(Source data)
--- START ---

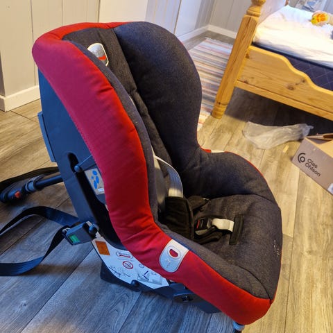 Gis bort. 9-25 kg bakovervendt. Ikke hurtigkobling. Tror det er kjøpt 2017/2018, så kun et par år igjen før det passerer 10-års grensa for anbefalt bruk.
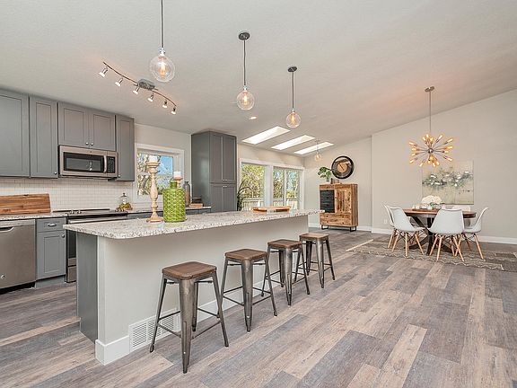 Newly remodeled including Pella windows, exterior paint, roof, chrome light fixtures, door handles & plumbing fixtures as well as new interior doors and modern base/window trim. Light & bright great room with vaulted ceilings & wood burning fireplace that opens to expansive kitchen/dining area. Blue Nile granite counters, island w/pendant lights, 42" gray shaker cabinets w/soft close hinges/drawers, a large pantry, tons of storage, gray stainless appliances, & mosaic subway tile back splash. Master has a slider to the back deck, his/hers closets, a sliding barn door that opens to the master bath with dual granite topped vanity w/under mounted sinks, custom soaking tub, & large shower. Two spacious additional bedrooms, a full bath and laundry room on the main level. Two more bedrooms, a bathroom and a large recreation area with a wood burning stove and a wet bar.
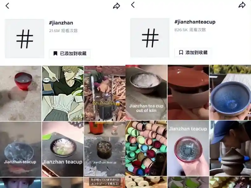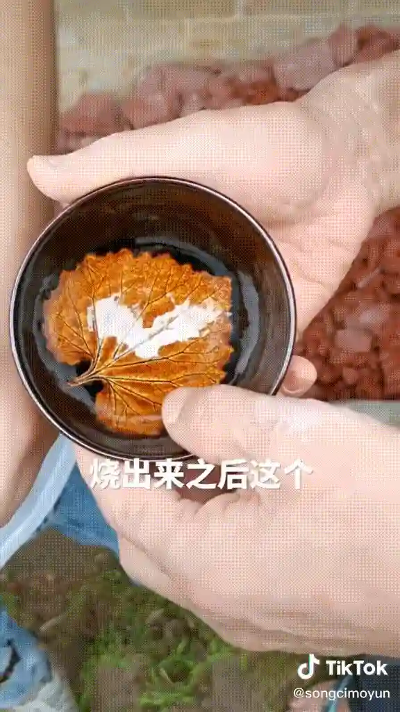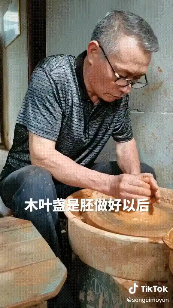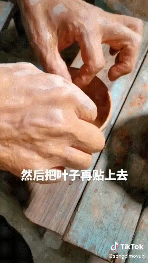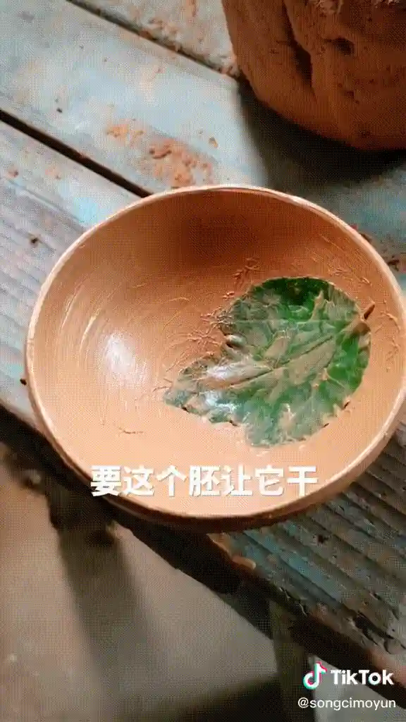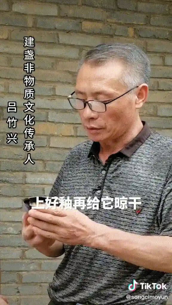 在TikTok上,网友们也得以一探建盏的烧制秘密。用户@songcimoyun分享了建窑非物质文化传承人吕竹兴烧制木叶建盏的详细过程。吕师傅演示了拉胚、上釉和烧制三大主要工序:先做好胚,再把叶子贴在盏底,到胚八成干后再上釉,上釉晾干后,碗盏被送入窑内经受最高1300度以上的胚烧。最后,一个叶脉清晰、手感丰富的建盏成型出窑。
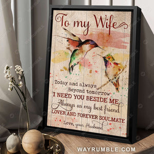 Do you want to find a romantic gift to express your love for your wife on her birthday or to celebrate your anniversary? Then To my wife, Hummingbird watercolor painting, I need you beside me - Couple Portrait Canvas Prints, Wall Art will be an ideal choice for you!
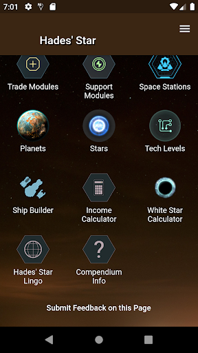 Facts, figures and other information is ready at your fingertips in the Hades’ Star Compendium, as well as several interactive tools – Income calculator, White Star calculator, Ship Builder, Tech Levels and more.
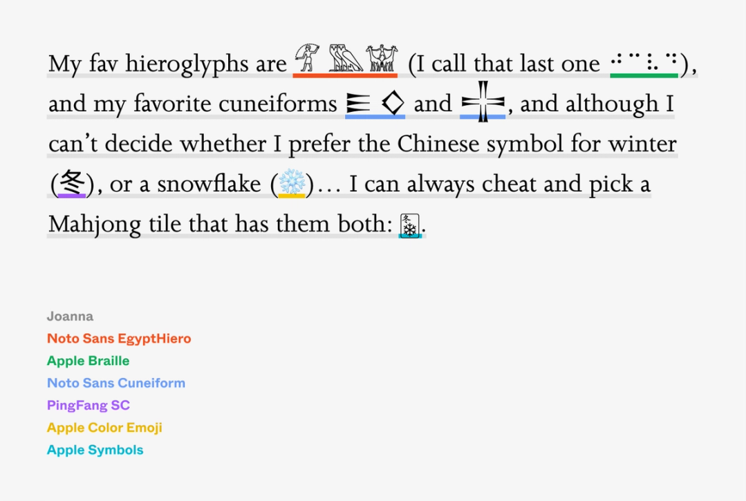 Of course, the seven fonts collaborating above are still fonts. They all have their backstories, their metrics might all feel different optically (remember that font size is more of an idea than a strict measure), and if one of them happens to be taller than the others, browsers will extend the line height of the whole line to accommodate it. This explains why including emoji in text sometimes pushes things apart—the emoji is not supported by the main font, so it falls back to a font like Apple Color Emoji, and that font has slightly taller vertical metrics than the one you’re using.

--- END ---

* [Work to complete]: Give back all the data exactly, minus pictures.

* [Result of this task]:
 Gis bort. 9-25 kg bakovervendt. Ikke hurtigkobling. Tror det er kjøpt 2017/2018, så kun et par år igjen før det passerer 10-års grensa for anbefalt bruk.
 Newly remodeled including Pella windows, exterior paint, roof, chrome light fixtures, door handles & plumbing fixtures as well as new interior doors and modern base/window trim. Light & bright great room with vaulted ceilings & wood burning fireplace that opens to expansive kitchen/dining area. Blue Nile granite counters, island w/pendant lights, 42" gray shaker cabinets w/soft close hinges/drawers, a large pantry, tons of storage, gray stainless appliances, & mosaic subway tile back splash. Master has a slider to the back deck, his/hers closets, a sliding barn door that opens to the master bath with dual granite topped vanity w/under mounted sinks, custom soaking tub, & large shower. Two spacious additional bedrooms, a full bath and laundry room on the main level. Two more bedrooms, a bathroom and a large recreation area with a wood burning stove and a wet bar.
 在TikTok上,网友们也得以一探建盏的烧制秘密。用户@songcimoyun分享了建窑非物质文化传承人吕竹兴烧制木叶建盏的详细过程。吕师傅演示了拉胚、上釉和烧制三大主要工序:先做好胚,再把叶子贴在盏底,到胚八成干后再上釉,上釉晾干后,碗盏被送入窑内经受最高1300度以上的胚烧。最后,一个叶脉清晰、手感丰富的建盏成型出窑。
 Do you want to find a romantic gift to express your love for your wife on her birthday or to celebrate your anniversary? Then To my wife, Hummingbird watercolor painting, I need you beside me - Couple Portrait Canvas Prints, Wall Art will be an ideal choice for you!
 Facts, figures and other information is ready at your fingertips in the Hades’ Star Compendium, as well as several interactive tools – Income calculator, White Star calculator, Ship Builder, Tech Levels and more.
 Of course, the seven fonts collaborating above are still fonts. They all have their backstories, their metrics might all feel different optically (remember that font size is more of an idea than a strict measure), and if one of them happens to be taller than the others, browsers will extend the line height of the whole line to accommodate it. This explains why including emoji in text sometimes pushes things apart—the emoji is not supported by the main font, so it falls back to a font like Apple Color Emoji, and that font has slightly taller vertical metrics than the one you’re using.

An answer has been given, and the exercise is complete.